Peter Tiersma, author of Parchment, Paper, Pixels; Law and the Technologies of Communication,( PDF)thinks it's possible:
[0]nline databases have started to include more and more judicial opinions, including many that in the past would not have been published and would therefore be relegated to obscurity. This practice has resulted in a massive increase in the case law that is available to lawyers. The only effective way to search through these databases is by means of an electronic search engine. Unlike a human being with legal training, who can peruse a judicial opinion for concepts or principles, current search engines can only locate strings of text. As a consequence, the digitizing of judicial opinions has the potential to make the common law more textual and, concomitantly, less conceptual. It may lose the flexibility it once had to be interpreted and reinterpreted to fit new and unforeseen situations.
Lest you think that this suggestion is too attenuated or fanciful, Tiersma reminds us of a broader context:
David Olson has suggested that the development of alphabetic writing systems gave Western civilization many of its defining features. According to an influential article by Jack Goody and Ian Watt, writing made it possible to begin distinguishing myth from history.
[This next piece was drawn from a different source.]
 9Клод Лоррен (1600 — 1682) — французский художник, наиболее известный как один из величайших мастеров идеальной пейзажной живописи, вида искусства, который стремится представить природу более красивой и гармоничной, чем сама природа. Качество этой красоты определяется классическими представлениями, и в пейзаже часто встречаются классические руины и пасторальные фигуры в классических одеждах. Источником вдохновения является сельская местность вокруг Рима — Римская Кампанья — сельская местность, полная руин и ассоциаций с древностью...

It is therefore “not accidental that major steps in the development of what we now call "science‟ followed the introduction of major changes in the channels of communication in Babylonia (writing), in Ancient Greece (the alphabet), and in Western Europe (printing).”
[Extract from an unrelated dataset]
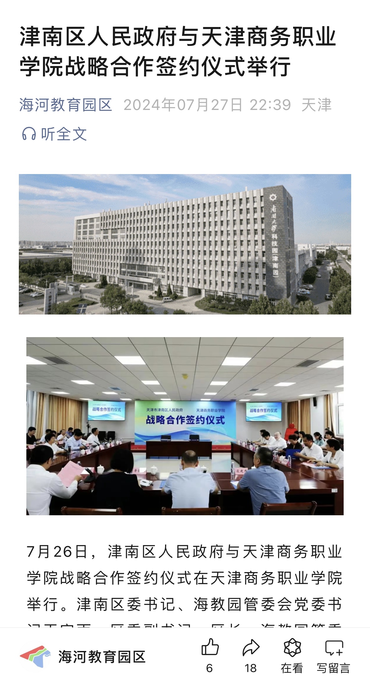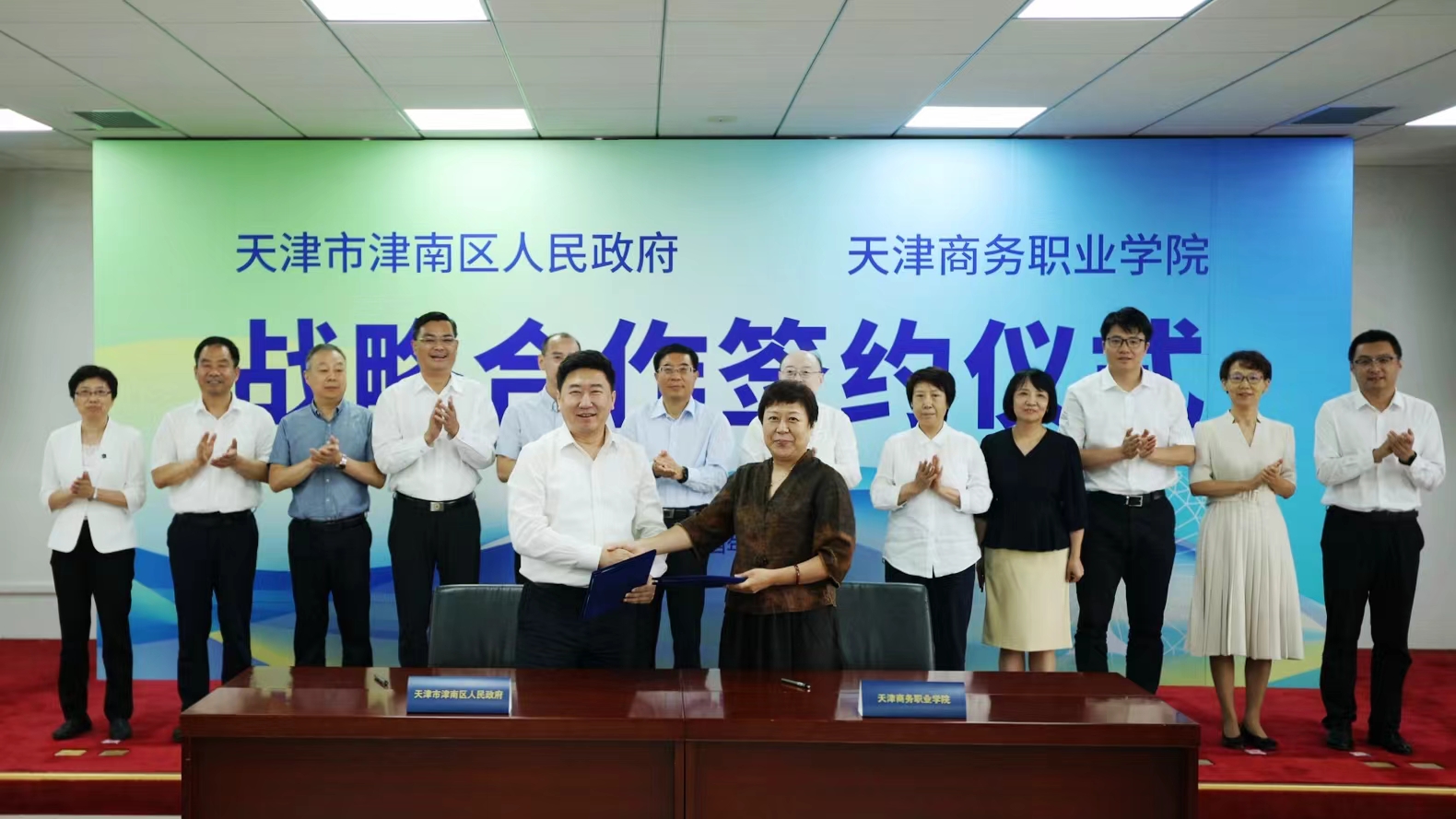 7月26日,津南區人民政府與天津商務職業學院戰略合作簽約儀式在天津商務職業學院舉行。津南區委書記、海教園管委會黨委書記王寶雨,區委副書記、區長、海教園管委會黨委副書記、主任楊灝,天津商務職業學院黨委書記馬雷,黨委副書記、院長劉欣出席并講話,天津海關、市商務局、市市場監管委、天開集團相關負責同志出席。

Some scholars suggest that the development of writing, especially the phonetically based alphabet that arose in ancient Greece, has not merely influenced our civilization and culture in dramatic ways, but has fundamentally altered how people think. According to Eric Havelock, “Greek literacy changed not only the means of communication, but also the shape of the Greek consciousness.” In a similar vein, Walter Ong argued that the development of literacy fostered abstract thinking, categorization, and logical deduction.